◆ RECORDS FOR PROCESSING:
== Segment start ==

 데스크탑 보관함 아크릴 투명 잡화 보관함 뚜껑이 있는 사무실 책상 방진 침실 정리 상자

== Segment end ==
== Segment start ==

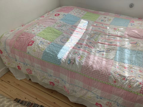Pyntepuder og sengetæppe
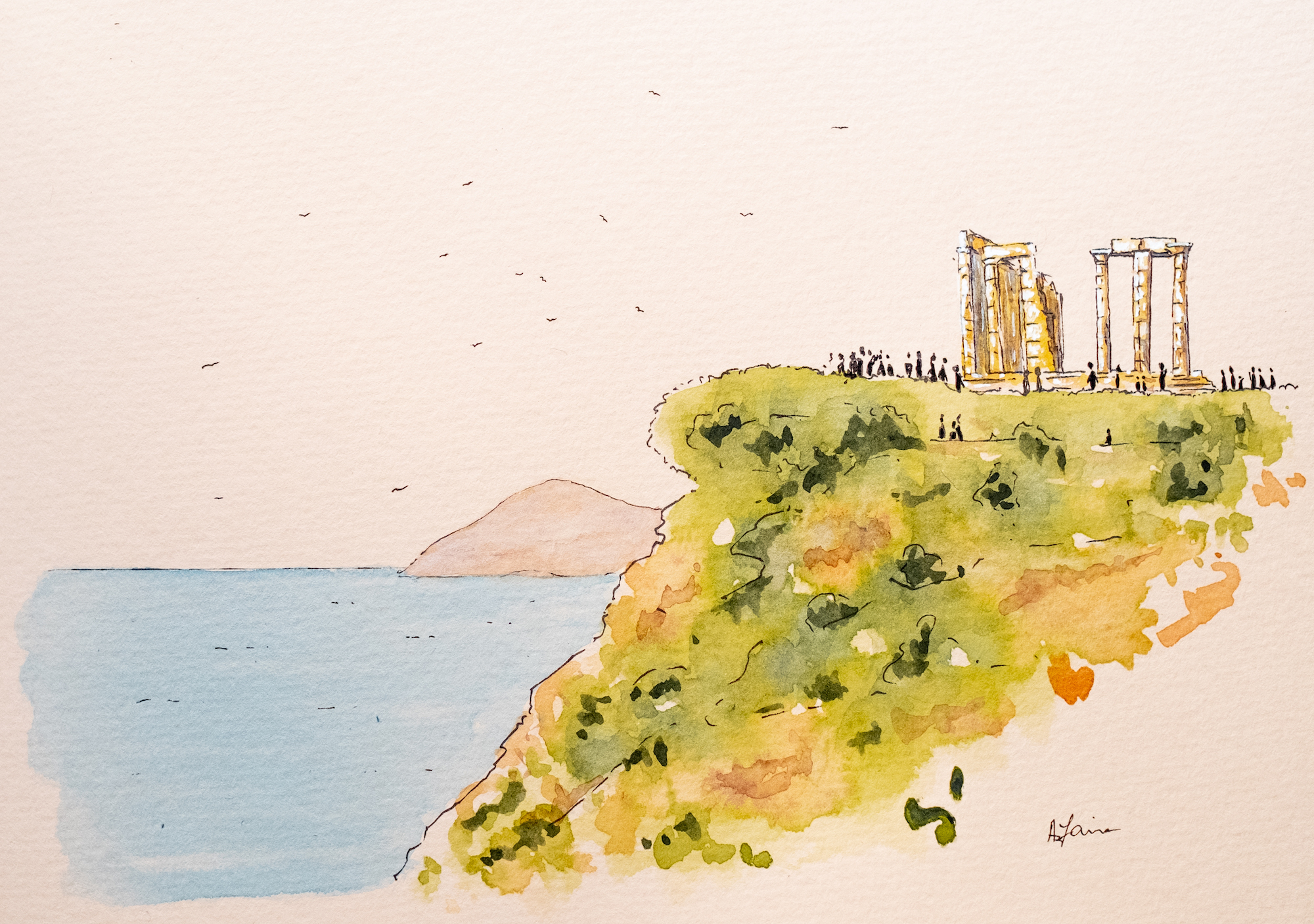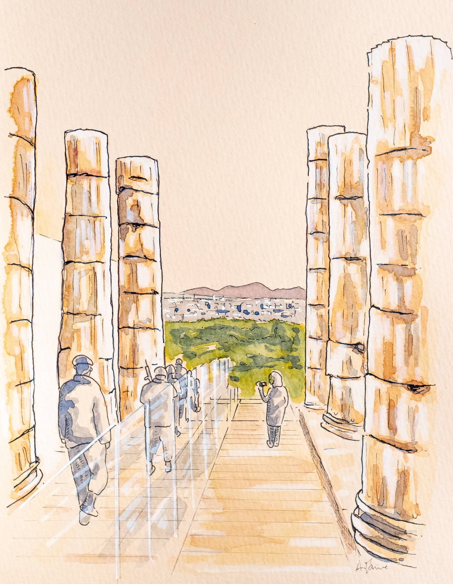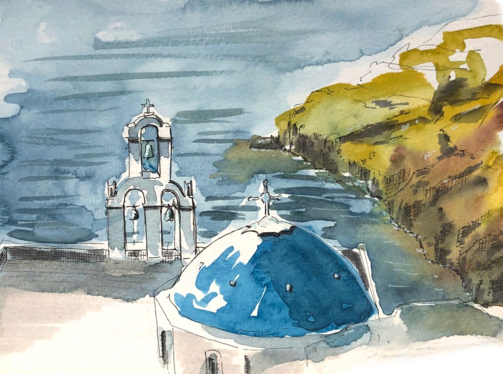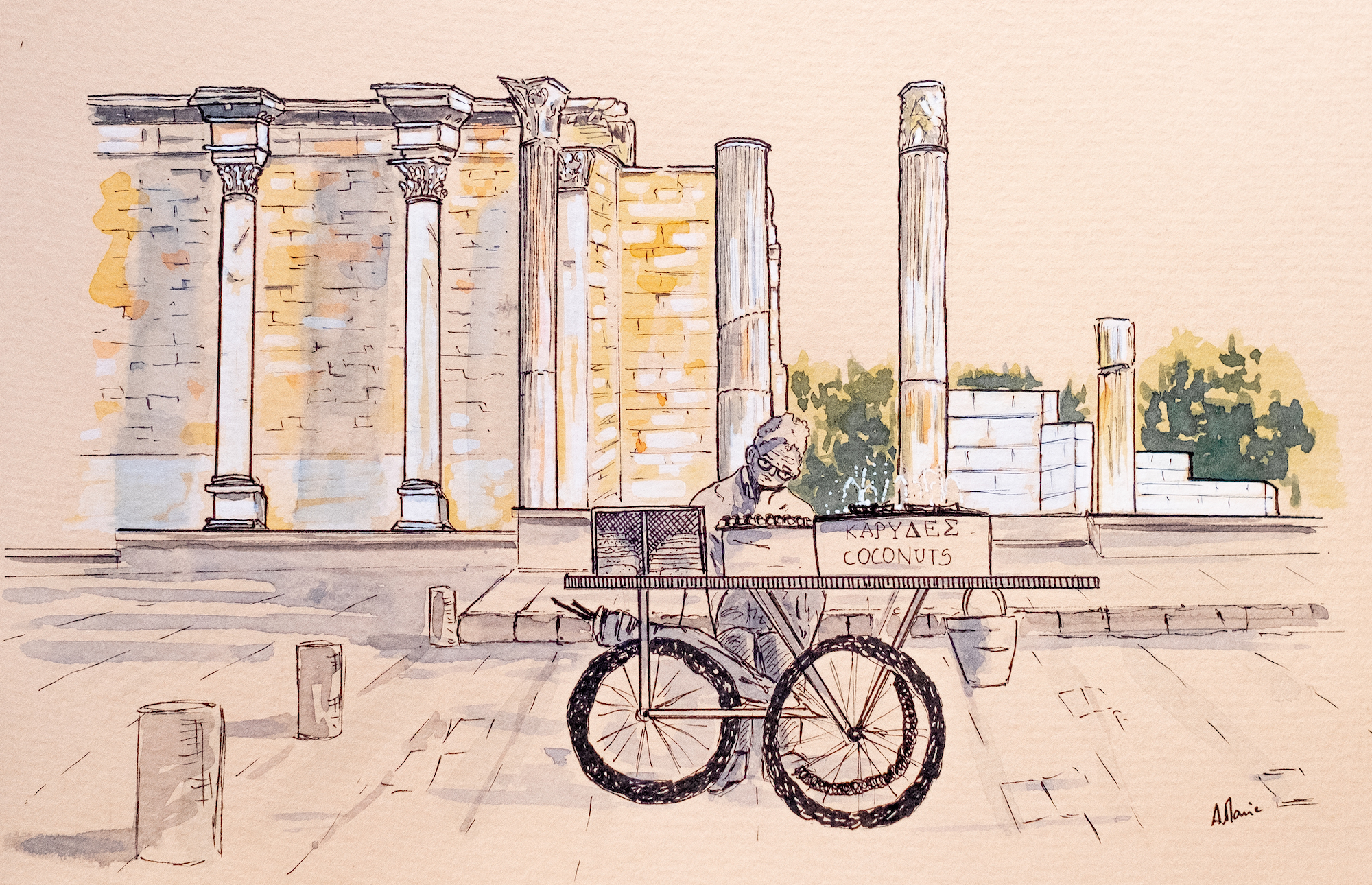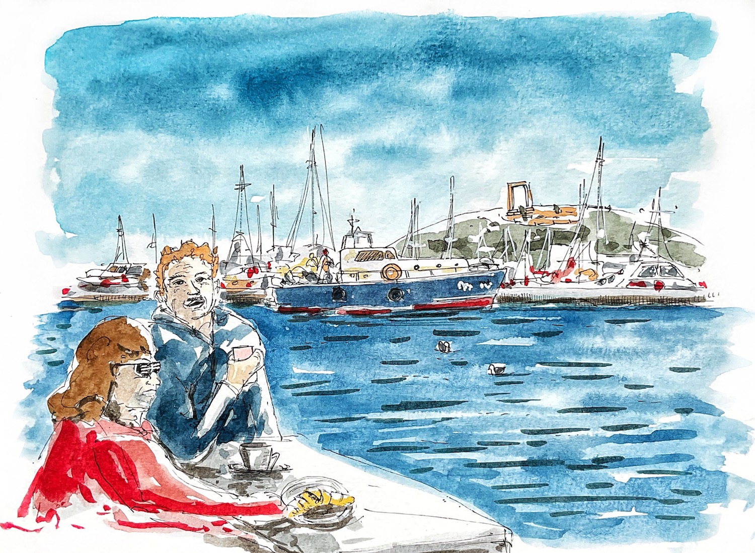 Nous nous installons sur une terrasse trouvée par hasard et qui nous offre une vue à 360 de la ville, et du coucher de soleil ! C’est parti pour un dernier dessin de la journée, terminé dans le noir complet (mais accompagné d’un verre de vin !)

== Segment end ==
== Segment start ==

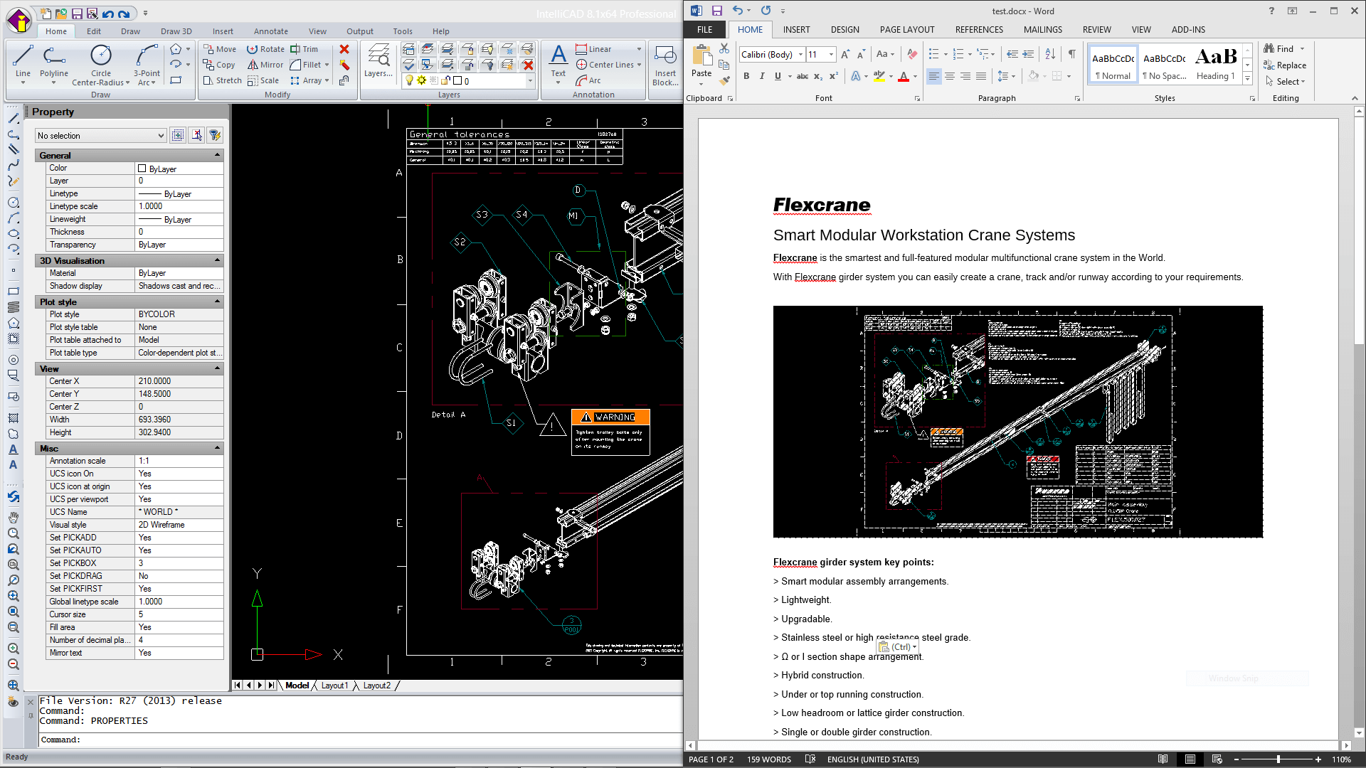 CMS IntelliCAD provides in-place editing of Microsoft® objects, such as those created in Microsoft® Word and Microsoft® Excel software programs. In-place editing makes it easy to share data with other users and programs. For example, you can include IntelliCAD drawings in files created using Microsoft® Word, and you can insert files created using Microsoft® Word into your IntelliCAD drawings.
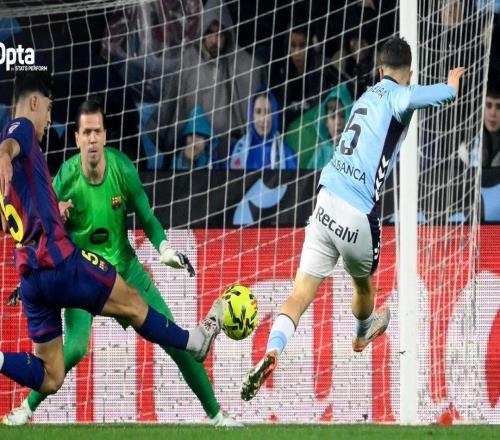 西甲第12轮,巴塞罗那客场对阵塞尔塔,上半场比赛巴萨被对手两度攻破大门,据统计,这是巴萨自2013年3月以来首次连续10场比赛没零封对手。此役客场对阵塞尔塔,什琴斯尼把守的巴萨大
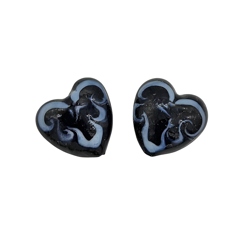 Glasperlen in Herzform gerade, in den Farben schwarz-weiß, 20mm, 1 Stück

== Segment end ==

Transcribe, exactly and without pictures, everything in the data from the line with "西甲第12轮,巴塞罗那客场对" down to the line with "Glasperlen in Herzform", both included.

 西甲第12轮,巴塞罗那客场对阵塞尔塔,上半场比赛巴萨被对手两度攻破大门,据统计,这是巴萨自2013年3月以来首次连续10场比赛没零封对手。此役客场对阵塞尔塔,什琴斯尼把守的巴萨大
 Glasperlen in Herzform gerade, in den Farben schwarz-weiß, 20mm, 1 Stück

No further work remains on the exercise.